Problem statement: With the images removed, transcribe the listing that follows exactly.

Records shown:
● ● ●
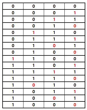 경우의 수를 줄이려면 변경되는 bit의 개수를 줄어야 한다. 그래서 변경되는 bit의 개수가 1개만 되도록 하는 코드가 필요하다. 그런 코드가 바로 Gray Code이다. 아래 Table은 4-bit짜리 여러 Gray code 중 reflected binary Gray code를 나타냈다.
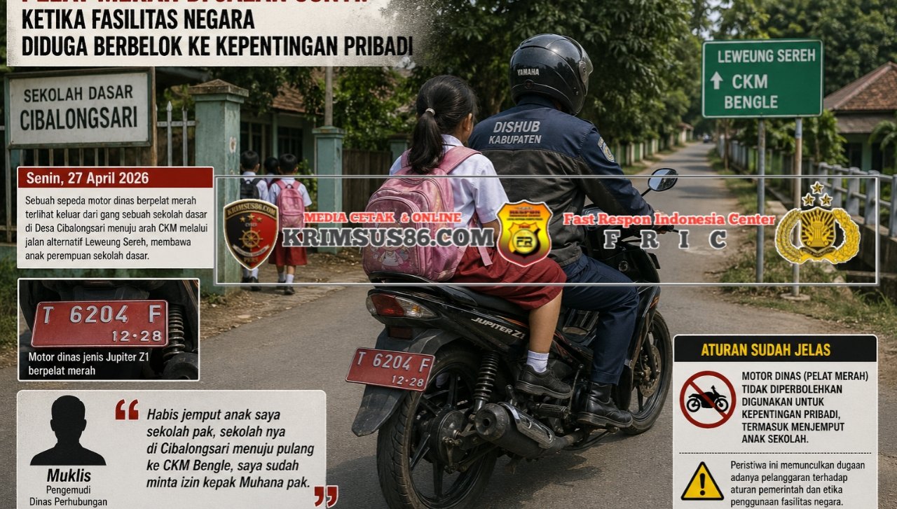 Sebuah sepeda motor dinas berpelat merah, jenis Jupiter Z1 dengan nomor polisi T 6204 F, terlihat melaju perlahan keluar dari sebuah gang sekolah dasar. Kendaraan itu bukan sekadar melintas. Di atasnya, seorang anak perempuan berseragam sekolah duduk dibonceng, seolah aktivitas tersebut adalah rutinitas biasa. Namun, yang menjadi sorotan bukanlah perjalanan itu sendiri, melainkan status kendaraan yang digunakan—fasilitas negara yang seharusnya steril dari kepentingan pribadi.
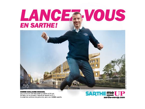 Jusqu’au 30 août, le département de la Sarthe s’affiche dans le métro parisien pour une campagne d’attractivité baptisée « Lancez-vous ! ». Les visuels qui mettent en scène 6 ambassadeurs (dont Guillaume Richard, PDG Fondateur de Oui Care) ont pour but d’attirer de futur(e)s Sarthois(e)s à s’installer, pour vivre, travailler, télétravailler, investir, entreprendre, construire… dans le département (photos réalisées par le Sarthois Nicolas Boutruche). Les témoignages vidéo des ambassadeurs sont également à retrouver sur le web et les réseaux sociaux (films réalisés par l’agence Numéro 7). La campagne a été orchestrée par l’agence Nantaise LMWR.
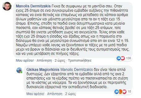 “Νομίζω ότι το κόστος αν έχουμε εξάρσεις θα είναι πολύ μεγάλο. Φυσικά έχει σχέση το εμβαδόν γιατί οσο μεγαλύτερο το εμβαδόν με τον ίδιο αριθμό ατόμων τόσο μικρότερος ο συνωστισμός. Το εμβαδόν και η πυκνότητα του κόσμου ήταν πάντα σημαντικός ο παράγοντας σε όλα (εστιατόρια, χώροι εργασία κτλ), γιατί ξαφνικά δεν είναι σχετικό στα σχολεία;” έγραψε στη συνέχεια ο κ. Δερμιτζάκης.
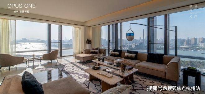 这客厅既是 270°全景舱厅 ,无论全家在餐桌前欢聚一堂,还是孩子们在客厅嬉戏,一抬头便是以江景和城市为主题的巨幅油画。
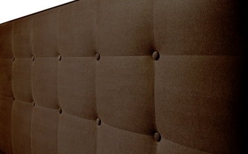 Čelo postele je zhotoveno z DTD 16 mm. Tloušťka čela je opticky po obvodu rozšířená páskem MDF o šířce 9 cm a tloušťce 6 mm. Čelo je rozděleno na 18 obdélníků, v průsečících je osazené 10 ozdobných knoflíků o průměru 25 mm. Je vystláno polyesterovým rounem. Zadní část je začištěna netkanou černou textilií.
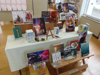 図書室では、読書の秋に向けて、レイアウトが変わりつつあります。「映画と本」というテーマで、図書室の入り口に読んでほしい本が準備されています。子どもたちにも興味がある映画から本を選んでほしいと思います。
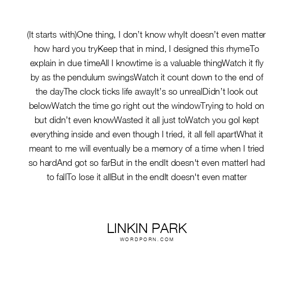 (It starts with)One thing, I don’t know whyIt doesn’t even matter how hard you tryKeep that in mind, I designed this rhymeTo explain in due timeAll I knowtime is a valuable thingWatch it fly by as the pendulum swingsWatch it count down to the end of the dayThe clock ticks life awayIt’s so unrealDidn’t look out belowWatch the time go right out the windowTrying to hold on but didn’t even knowWasted it all just toWatch you goI kept everything inside and even though I tried, it all fell apartWhat it meant to me will eventually be a memory of a time when I tried so hardAnd got so farBut in the endIt doesn't even matterI had to fallTo lose it allBut in the endIt doesn't even matter
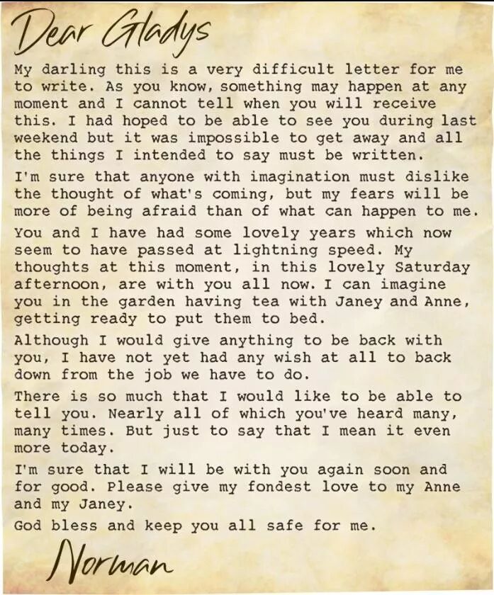 My darling, this is a very difficult letter for me to write. As you know, something may happen at any moment and I cannot tell when you will receive this. I had hoped to be able to see you during last weekend, but it was impossible to get away and all the things I intended to say must be written.
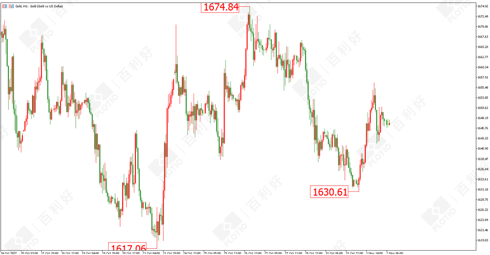 黄金方面:黄金昨日(11月1日)自1630美元大幅反弹,最高触及1656美元的位置。
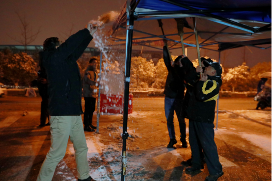 “全力投入到学校的除冰行动,确保师生出行安全!”学校学生工作处、保卫处、后勤基建处相关负责人表示,除冰行动从26日早上一直持续到深夜,27日将继续进行,各部门将责任扛在肩上,确保校园安全,为师生营造良好的工作、学习、生活环境。
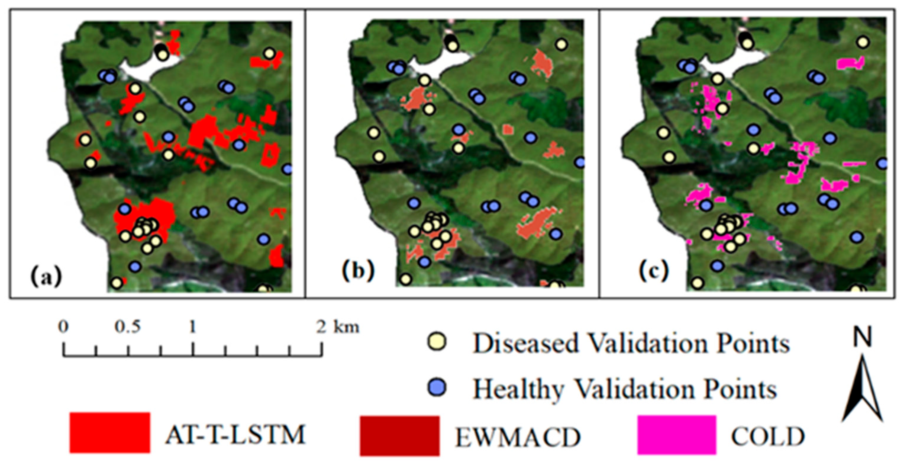 4.2.3. Comparison of Spatial Accuracy Between At-T-LSTM and Time Series Change Detection Algorithms
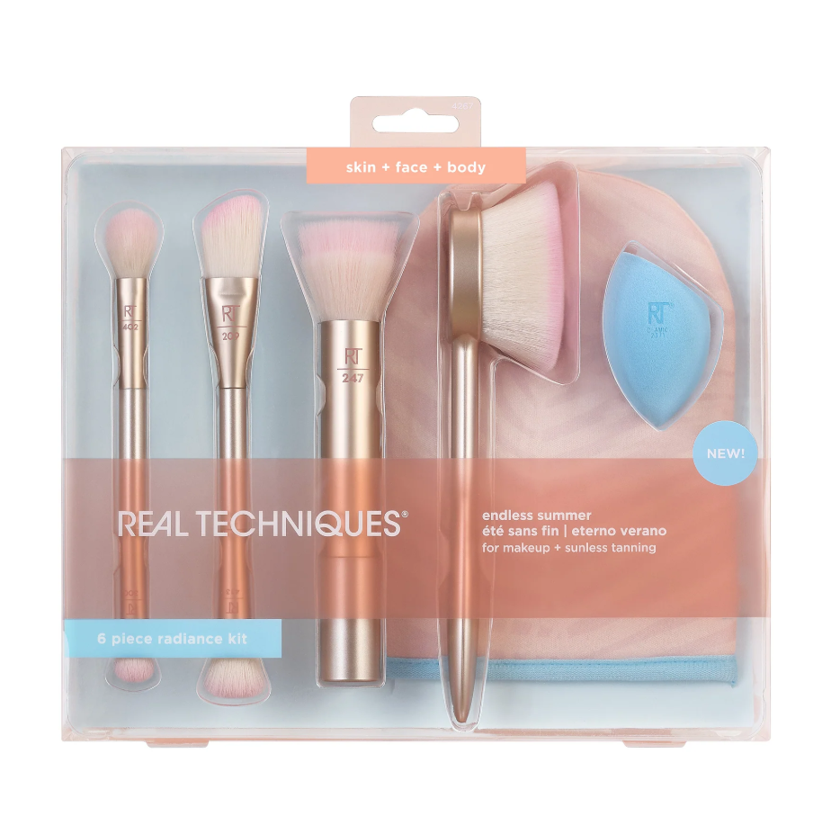 مجموعة أدوات تجميلية متكاملة من علامة "ريل تكنيك" الشهيرة، مصممة لمنحكِ إطلالة صيفية مشرقة وموحدة.
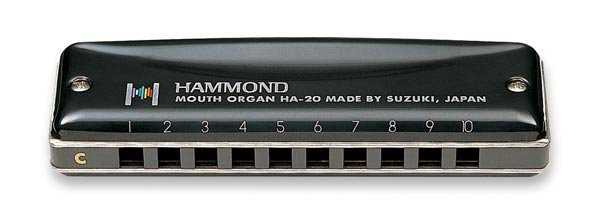 Suzuki Hammond HA-20 je luxusní, diatonická foukací harmonika. Je to designová verze nejpopulárnějšího profesionálního nástroje v sortimentu firmy Suzuki Promaster MR-350. Nabízí melodický a jasný tón. Má 10 kanálků, a vyrábí se v těchto laděních: C, G, A, D, E, F, Bb, B, F#, Eb, Ab, Db, Hi G a Low F. Rozměry nástroje jsou 100 x 27 x 20 mm a její hmotnost je 91 g (126 g včetně pouzdra). Má velmi odolný, chromovaný plechový kryt v černé barvě, a masivní hliníkové tělo, jazýčky jsou fosforbronzové. Součástí dodváky je i polstrované plastové pouzdro. Tento nástroj můžete použít v mnoha různých hudebních žánrech včetně blues, folku, rocku či country.
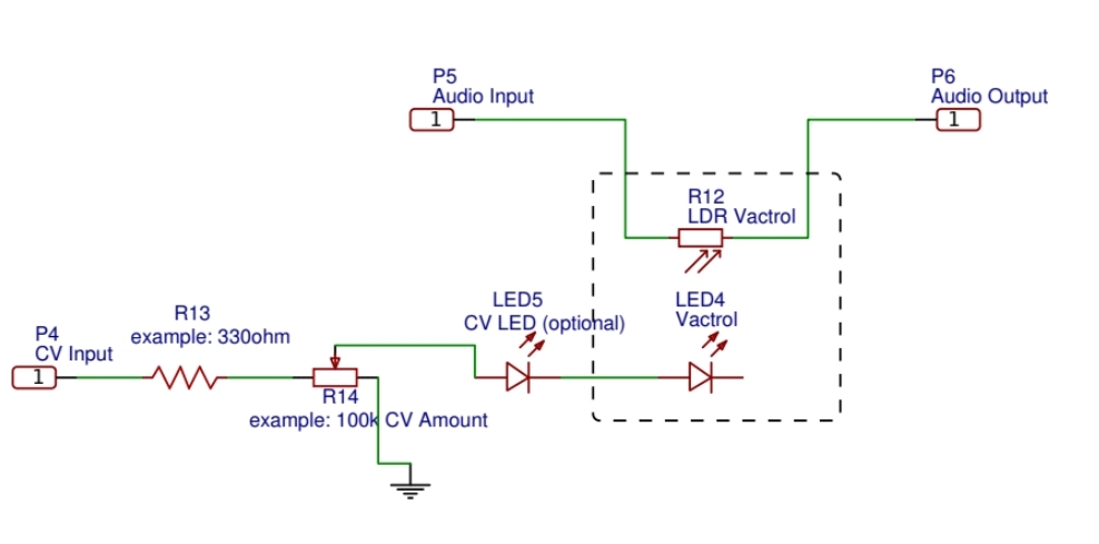 This module was a long time in my Rack but is currently not part of my setup because of bleedthrough issues. I built a better version for my portable setup. A lot of testing regarding vactrols components were done. And the best combination for lowpassgates and vactrol-VCAs in my opinion are 5549 LDRs and diffuse red 5mm LEDs in two or three layers of black shrinkwrap. I guess I will make a post that describes my process in detail.
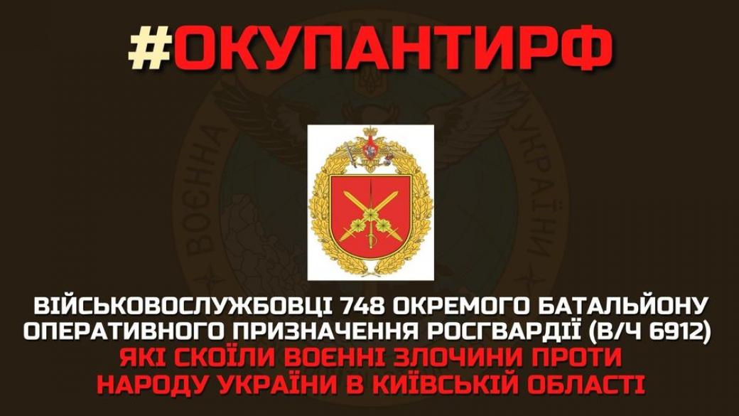 В разведведомстве отметили, что ГУР МО Украины получило список военнослужащих 748 отдельного батальона оперативного назначения Росгвардии (в/ч 6912) г. Хабаровск, совершающих военные преступления против народа Украины в Киевской области. Также в разведке добавили, что все военные преступники РФ за совершенные преступления против мирного населения Украины предстанут перед судом и будут привлечены к ответственности.
● ● ●
Response:
 경우의 수를 줄이려면 변경되는 bit의 개수를 줄어야 한다. 그래서 변경되는 bit의 개수가 1개만 되도록 하는 코드가 필요하다. 그런 코드가 바로 Gray Code이다. 아래 Table은 4-bit짜리 여러 Gray code 중 reflected binary Gray code를 나타냈다.
 Sebuah sepeda motor dinas berpelat merah, jenis Jupiter Z1 dengan nomor polisi T 6204 F, terlihat melaju perlahan keluar dari sebuah gang sekolah dasar. Kendaraan itu bukan sekadar melintas. Di atasnya, seorang anak perempuan berseragam sekolah duduk dibonceng, seolah aktivitas tersebut adalah rutinitas biasa. Namun, yang menjadi sorotan bukanlah perjalanan itu sendiri, melainkan status kendaraan yang digunakan—fasilitas negara yang seharusnya steril dari kepentingan pribadi.
 Jusqu’au 30 août, le département de la Sarthe s’affiche dans le métro parisien pour une campagne d’attractivité baptisée « Lancez-vous ! ». Les visuels qui mettent en scène 6 ambassadeurs (dont Guillaume Richard, PDG Fondateur de Oui Care) ont pour but d’attirer de futur(e)s Sarthois(e)s à s’installer, pour vivre, travailler, télétravailler, investir, entreprendre, construire… dans le département (photos réalisées par le Sarthois Nicolas Boutruche). Les témoignages vidéo des ambassadeurs sont également à retrouver sur le web et les réseaux sociaux (films réalisés par l’agence Numéro 7). La campagne a été orchestrée par l’agence Nantaise LMWR.
 “Νομίζω ότι το κόστος αν έχουμε εξάρσεις θα είναι πολύ μεγάλο. Φυσικά έχει σχέση το εμβαδόν γιατί οσο μεγαλύτερο το εμβαδόν με τον ίδιο αριθμό ατόμων τόσο μικρότερος ο συνωστισμός. Το εμβαδόν και η πυκνότητα του κόσμου ήταν πάντα σημαντικός ο παράγοντας σε όλα (εστιατόρια, χώροι εργασία κτλ), γιατί ξαφνικά δεν είναι σχετικό στα σχολεία;” έγραψε στη συνέχεια ο κ. Δερμιτζάκης.
 这客厅既是 270°全景舱厅 ,无论全家在餐桌前欢聚一堂,还是孩子们在客厅嬉戏,一抬头便是以江景和城市为主题的巨幅油画。
 Čelo postele je zhotoveno z DTD 16 mm. Tloušťka čela je opticky po obvodu rozšířená páskem MDF o šířce 9 cm a tloušťce 6 mm. Čelo je rozděleno na 18 obdélníků, v průsečících je osazené 10 ozdobných knoflíků o průměru 25 mm. Je vystláno polyesterovým rounem. Zadní část je začištěna netkanou černou textilií.
 図書室では、読書の秋に向けて、レイアウトが変わりつつあります。「映画と本」というテーマで、図書室の入り口に読んでほしい本が準備されています。子どもたちにも興味がある映画から本を選んでほしいと思います。
 (It starts with)One thing, I don’t know whyIt doesn’t even matter how hard you tryKeep that in mind, I designed this rhymeTo explain in due timeAll I knowtime is a valuable thingWatch it fly by as the pendulum swingsWatch it count down to the end of the dayThe clock ticks life awayIt’s so unrealDidn’t look out belowWatch the time go right out the windowTrying to hold on but didn’t even knowWasted it all just toWatch you goI kept everything inside and even though I tried, it all fell apartWhat it meant to me will eventually be a memory of a time when I tried so hardAnd got so farBut in the endIt doesn't even matterI had to fallTo lose it allBut in the endIt doesn't even matter
 My darling, this is a very difficult letter for me to write. As you know, something may happen at any moment and I cannot tell when you will receive this. I had hoped to be able to see you during last weekend, but it was impossible to get away and all the things I intended to say must be written.
 黄金方面:黄金昨日(11月1日)自1630美元大幅反弹,最高触及1656美元的位置。
 “全力投入到学校的除冰行动,确保师生出行安全!”学校学生工作处、保卫处、后勤基建处相关负责人表示,除冰行动从26日早上一直持续到深夜,27日将继续进行,各部门将责任扛在肩上,确保校园安全,为师生营造良好的工作、学习、生活环境。
 4.2.3. Comparison of Spatial Accuracy Between At-T-LSTM and Time Series Change Detection Algorithms
 مجموعة أدوات تجميلية متكاملة من علامة "ريل تكنيك" الشهيرة، مصممة لمنحكِ إطلالة صيفية مشرقة وموحدة.
 Suzuki Hammond HA-20 je luxusní, diatonická foukací harmonika. Je to designová verze nejpopulárnějšího profesionálního nástroje v sortimentu firmy Suzuki Promaster MR-350. Nabízí melodický a jasný tón. Má 10 kanálků, a vyrábí se v těchto laděních: C, G, A, D, E, F, Bb, B, F#, Eb, Ab, Db, Hi G a Low F. Rozměry nástroje jsou 100 x 27 x 20 mm a její hmotnost je 91 g (126 g včetně pouzdra). Má velmi odolný, chromovaný plechový kryt v černé barvě, a masivní hliníkové tělo, jazýčky jsou fosforbronzové. Součástí dodváky je i polstrované plastové pouzdro. Tento nástroj můžete použít v mnoha různých hudebních žánrech včetně blues, folku, rocku či country.
 This module was a long time in my Rack but is currently not part of my setup because of bleedthrough issues. I built a better version for my portable setup. A lot of testing regarding vactrols components were done. And the best combination for lowpassgates and vactrol-VCAs in my opinion are 5549 LDRs and diffuse red 5mm LEDs in two or three layers of black shrinkwrap. I guess I will make a post that describes my process in detail.
 В разведведомстве отметили, что ГУР МО Украины получило список военнослужащих 748 отдельного батальона оперативного назначения Росгвардии (в/ч 6912) г. Хабаровск, совершающих военные преступления против народа Украины в Киевской области. Также в разведке добавили, что все военные преступники РФ за совершенные преступления против мирного населения Украины предстанут перед судом и будут привлечены к ответственности.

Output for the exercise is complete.